Look, I don't know if the four suspects did it or not. Maybe there's something else there we just don't know, but the DA knew, that the judge knew, but they couldn't present as evidence for some reason. If so, it would be negligent to not cover that evidence in the doc. But it sure feels likely that APD spent decades harassing, jailing and wrecking the lives of four people - one of them dying after resisting arrest a minor, jailable offense.
But, again - this is a doc about the devastation of the crime beyond what happened to the four girls. Parents and siblings left behind, who have to live with what happened. Law enforcement trying to solve an unsolvable crime. And the ending of four lives of maybe innocent people accused. The people who see themselves turning up on 48 Hours as APD raids their homes for no reason.

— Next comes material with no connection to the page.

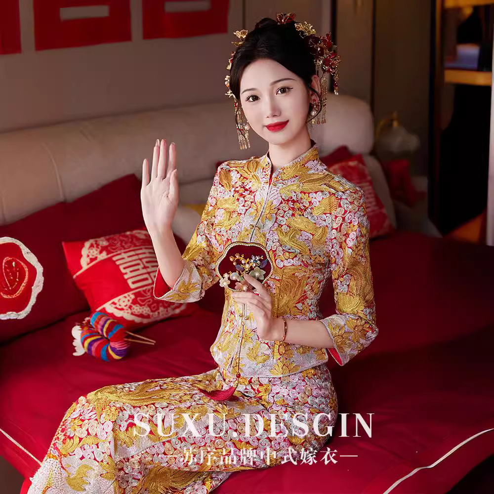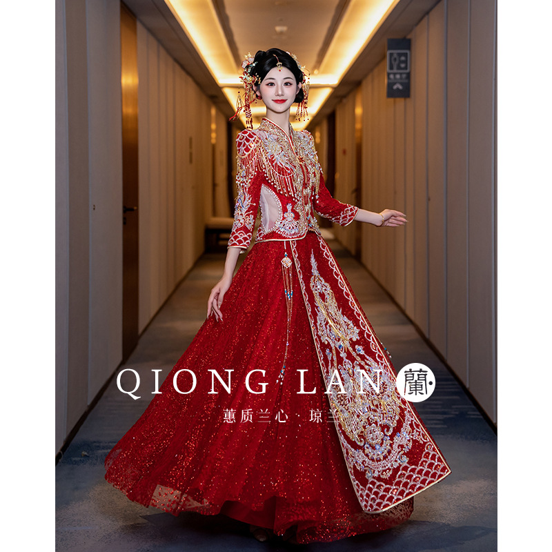 Qiong Lan Pakaian Xiuhe Musim Panas Pakaian Pernikahan Pengantin Wanita Model Baru 2025 Pakaian Pernikahan Gaya Tiongkok Gaun Panjang dan Phoenix Pakaian Pernikahan Pertunjukan Pria Kecil Kimono

It's the suddenness of the crime - and the not knowing. There's the terror of being a teen who doesn't look quite right or have enough money or has shitty friends, and now you're on death row. Of sitting at home and APD kicks in your door because someone said you were a little weird or made an off-color joke. And, meanwhile, whomever did it - whether it's the four accused or someone else entirely... they're not in jail.